[Task data]:
———

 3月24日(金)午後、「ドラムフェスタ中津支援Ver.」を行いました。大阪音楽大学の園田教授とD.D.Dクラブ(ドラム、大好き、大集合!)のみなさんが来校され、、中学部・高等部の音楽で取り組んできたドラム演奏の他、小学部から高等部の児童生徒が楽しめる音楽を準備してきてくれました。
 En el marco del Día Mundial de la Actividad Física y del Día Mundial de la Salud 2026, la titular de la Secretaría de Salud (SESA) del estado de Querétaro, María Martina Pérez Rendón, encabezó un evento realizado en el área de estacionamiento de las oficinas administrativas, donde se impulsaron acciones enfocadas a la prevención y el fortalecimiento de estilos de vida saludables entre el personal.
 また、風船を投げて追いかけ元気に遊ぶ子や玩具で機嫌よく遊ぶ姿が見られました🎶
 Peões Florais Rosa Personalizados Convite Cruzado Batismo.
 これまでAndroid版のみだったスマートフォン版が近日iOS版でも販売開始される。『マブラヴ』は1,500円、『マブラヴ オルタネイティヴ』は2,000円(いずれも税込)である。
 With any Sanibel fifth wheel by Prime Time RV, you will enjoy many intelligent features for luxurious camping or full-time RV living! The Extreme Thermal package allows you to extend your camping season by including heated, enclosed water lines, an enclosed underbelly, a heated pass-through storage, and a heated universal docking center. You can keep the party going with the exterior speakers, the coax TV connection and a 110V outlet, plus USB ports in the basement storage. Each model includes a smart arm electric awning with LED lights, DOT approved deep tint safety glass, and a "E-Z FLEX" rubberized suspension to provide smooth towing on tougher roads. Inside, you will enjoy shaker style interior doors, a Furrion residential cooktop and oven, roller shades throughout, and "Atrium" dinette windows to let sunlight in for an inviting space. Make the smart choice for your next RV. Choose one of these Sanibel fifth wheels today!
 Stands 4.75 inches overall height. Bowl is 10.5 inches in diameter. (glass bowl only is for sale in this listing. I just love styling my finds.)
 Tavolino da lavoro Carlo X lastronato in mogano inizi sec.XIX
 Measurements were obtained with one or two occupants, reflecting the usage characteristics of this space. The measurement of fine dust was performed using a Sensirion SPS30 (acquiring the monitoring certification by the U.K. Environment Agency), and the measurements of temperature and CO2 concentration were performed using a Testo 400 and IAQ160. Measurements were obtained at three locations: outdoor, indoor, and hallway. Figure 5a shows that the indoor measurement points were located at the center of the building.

———

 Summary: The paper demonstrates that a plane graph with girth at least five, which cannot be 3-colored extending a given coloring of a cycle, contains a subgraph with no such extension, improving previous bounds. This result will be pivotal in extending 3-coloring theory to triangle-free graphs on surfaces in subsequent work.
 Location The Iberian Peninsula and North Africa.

———

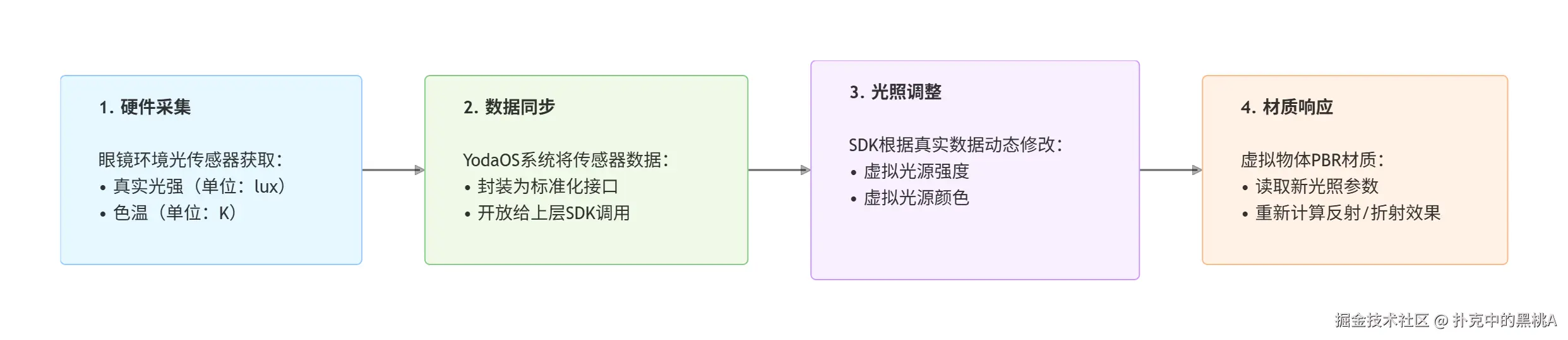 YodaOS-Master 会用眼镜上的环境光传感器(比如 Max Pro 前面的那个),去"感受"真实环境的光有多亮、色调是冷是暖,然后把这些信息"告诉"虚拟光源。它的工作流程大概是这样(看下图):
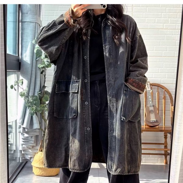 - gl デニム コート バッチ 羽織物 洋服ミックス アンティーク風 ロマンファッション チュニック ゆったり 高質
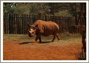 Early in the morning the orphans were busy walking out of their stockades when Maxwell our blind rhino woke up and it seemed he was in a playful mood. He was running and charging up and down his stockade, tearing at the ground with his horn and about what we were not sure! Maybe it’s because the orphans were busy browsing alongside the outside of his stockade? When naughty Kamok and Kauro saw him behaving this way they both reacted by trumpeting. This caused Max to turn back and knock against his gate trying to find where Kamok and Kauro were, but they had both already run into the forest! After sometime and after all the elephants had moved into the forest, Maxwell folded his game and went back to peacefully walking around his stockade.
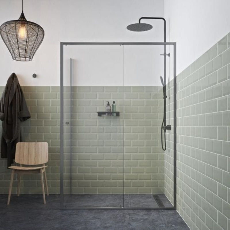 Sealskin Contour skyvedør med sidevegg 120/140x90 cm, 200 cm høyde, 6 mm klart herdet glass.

———

[Exercise]: Above are some records; copy exactly the lines from the one with "3月24日(金)午後、「ドラ" through the one with "これまでAndroid版のみ", both included, and no others.

[Solution to the exercise]:
 3月24日(金)午後、「ドラムフェスタ中津支援Ver.」を行いました。大阪音楽大学の園田教授とD.D.Dクラブ(ドラム、大好き、大集合!)のみなさんが来校され、、中学部・高等部の音楽で取り組んできたドラム演奏の他、小学部から高等部の児童生徒が楽しめる音楽を準備してきてくれました。
 En el marco del Día Mundial de la Actividad Física y del Día Mundial de la Salud 2026, la titular de la Secretaría de Salud (SESA) del estado de Querétaro, María Martina Pérez Rendón, encabezó un evento realizado en el área de estacionamiento de las oficinas administrativas, donde se impulsaron acciones enfocadas a la prevención y el fortalecimiento de estilos de vida saludables entre el personal.
 また、風船を投げて追いかけ元気に遊ぶ子や玩具で機嫌よく遊ぶ姿が見られました🎶
 Peões Florais Rosa Personalizados Convite Cruzado Batismo.
 これまでAndroid版のみだったスマートフォン版が近日iOS版でも販売開始される。『マブラヴ』は1,500円、『マブラヴ オルタネイティヴ』は2,000円(いずれも税込)である。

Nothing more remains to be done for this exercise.